* [YOUR OBJECTIVE] Nothing but the lines from the top of the records through the line with "The Rafael Devers" should be returned, exactly, and without pictures.

---*---

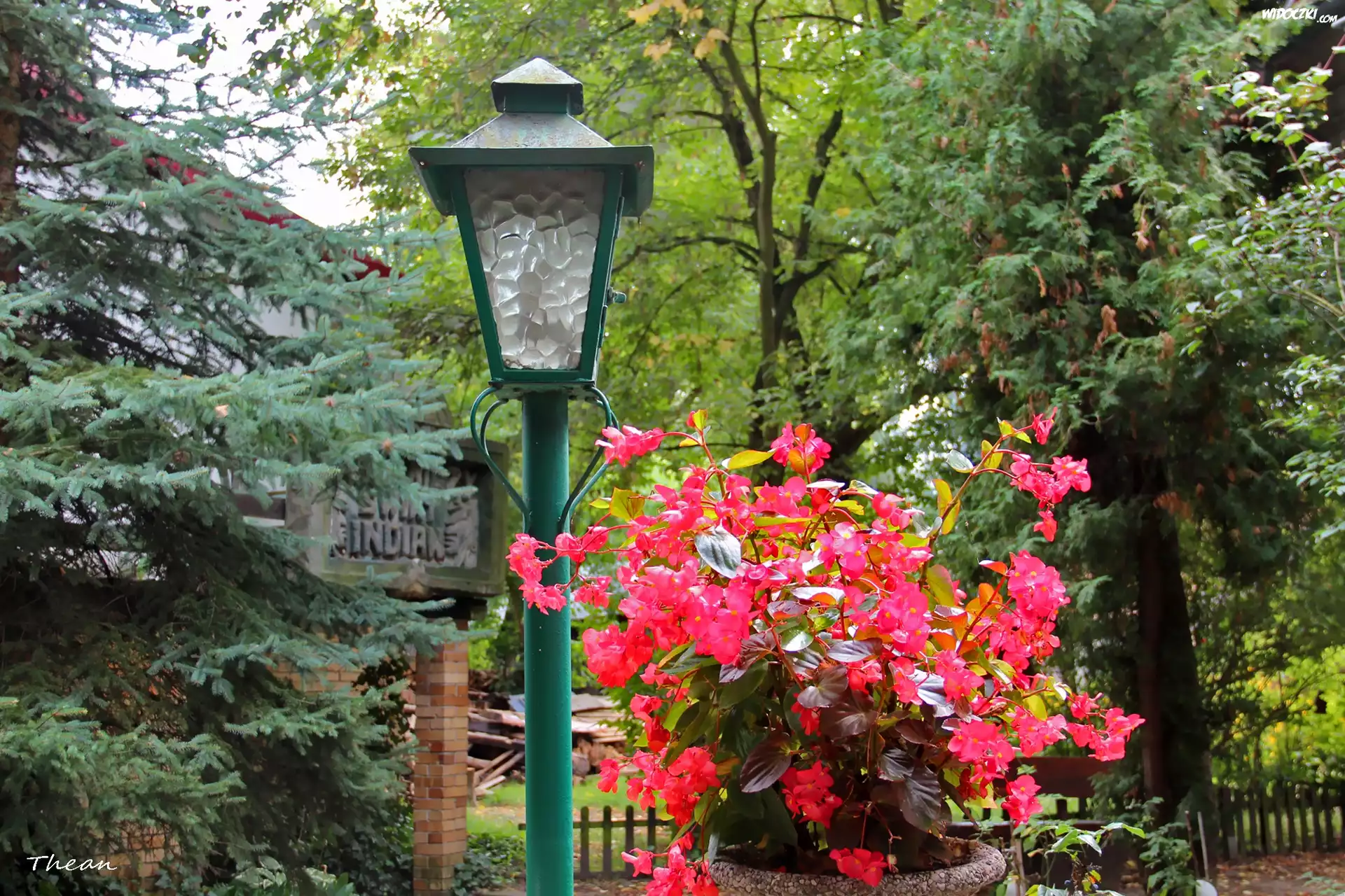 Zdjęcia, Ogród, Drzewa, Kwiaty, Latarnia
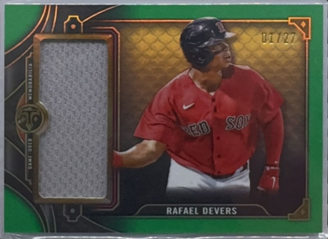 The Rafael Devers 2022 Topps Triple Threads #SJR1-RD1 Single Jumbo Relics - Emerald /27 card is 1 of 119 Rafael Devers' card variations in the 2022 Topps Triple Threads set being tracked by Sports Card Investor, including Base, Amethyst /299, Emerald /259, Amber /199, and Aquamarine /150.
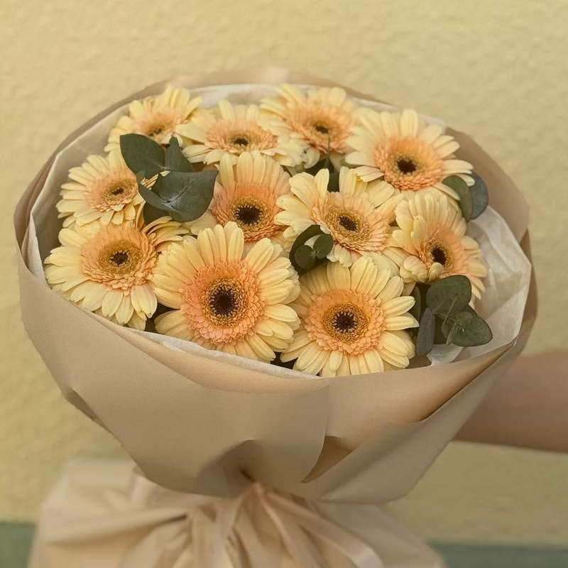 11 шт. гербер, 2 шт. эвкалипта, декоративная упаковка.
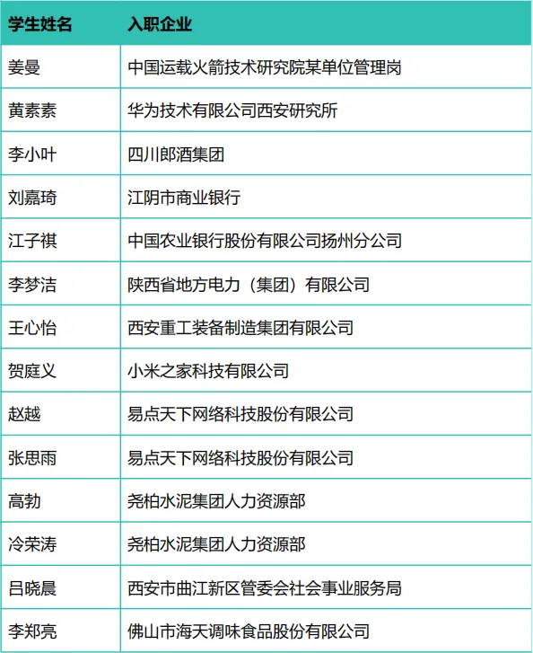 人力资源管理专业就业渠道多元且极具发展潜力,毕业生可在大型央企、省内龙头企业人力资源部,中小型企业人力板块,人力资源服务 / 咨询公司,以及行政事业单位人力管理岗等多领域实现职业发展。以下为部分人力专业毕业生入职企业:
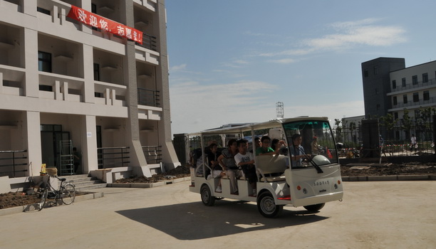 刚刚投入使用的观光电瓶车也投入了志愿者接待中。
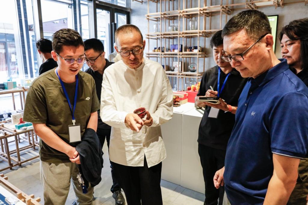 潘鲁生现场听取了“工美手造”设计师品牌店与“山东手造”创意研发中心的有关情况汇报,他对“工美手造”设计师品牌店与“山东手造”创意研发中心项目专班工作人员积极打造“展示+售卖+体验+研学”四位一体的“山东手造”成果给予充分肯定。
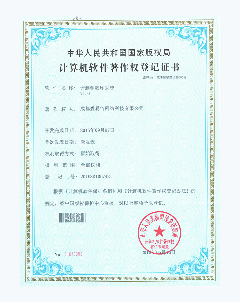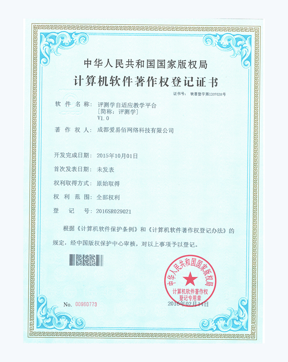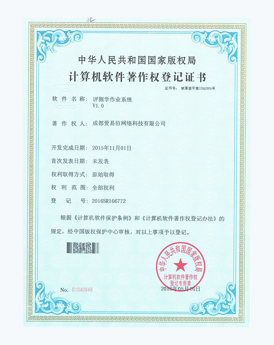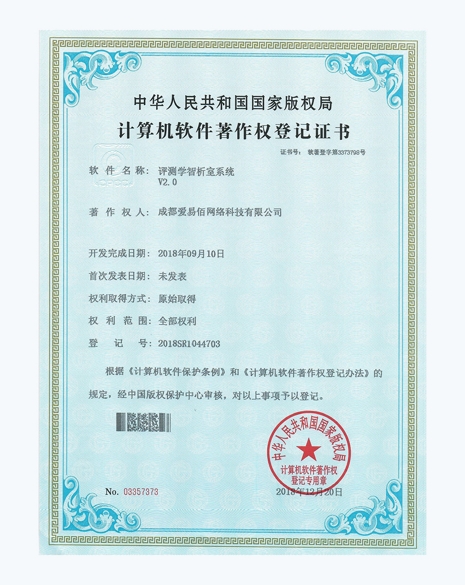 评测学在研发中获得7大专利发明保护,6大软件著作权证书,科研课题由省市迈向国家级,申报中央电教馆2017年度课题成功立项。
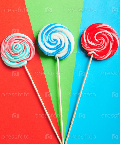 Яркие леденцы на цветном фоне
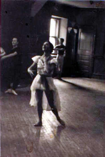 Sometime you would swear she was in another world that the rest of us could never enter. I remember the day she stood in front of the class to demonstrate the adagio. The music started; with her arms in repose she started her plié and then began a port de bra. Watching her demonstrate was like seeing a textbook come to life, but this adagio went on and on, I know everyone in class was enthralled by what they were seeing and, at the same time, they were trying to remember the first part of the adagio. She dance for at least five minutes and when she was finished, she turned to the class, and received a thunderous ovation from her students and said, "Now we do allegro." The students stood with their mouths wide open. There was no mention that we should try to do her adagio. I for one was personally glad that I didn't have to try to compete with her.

---*---

* [YOUR SOLUTION]
 Zdjęcia, Ogród, Drzewa, Kwiaty, Latarnia
 The Rafael Devers 2022 Topps Triple Threads #SJR1-RD1 Single Jumbo Relics - Emerald /27 card is 1 of 119 Rafael Devers' card variations in the 2022 Topps Triple Threads set being tracked by Sports Card Investor, including Base, Amethyst /299, Emerald /259, Amber /199, and Aquamarine /150.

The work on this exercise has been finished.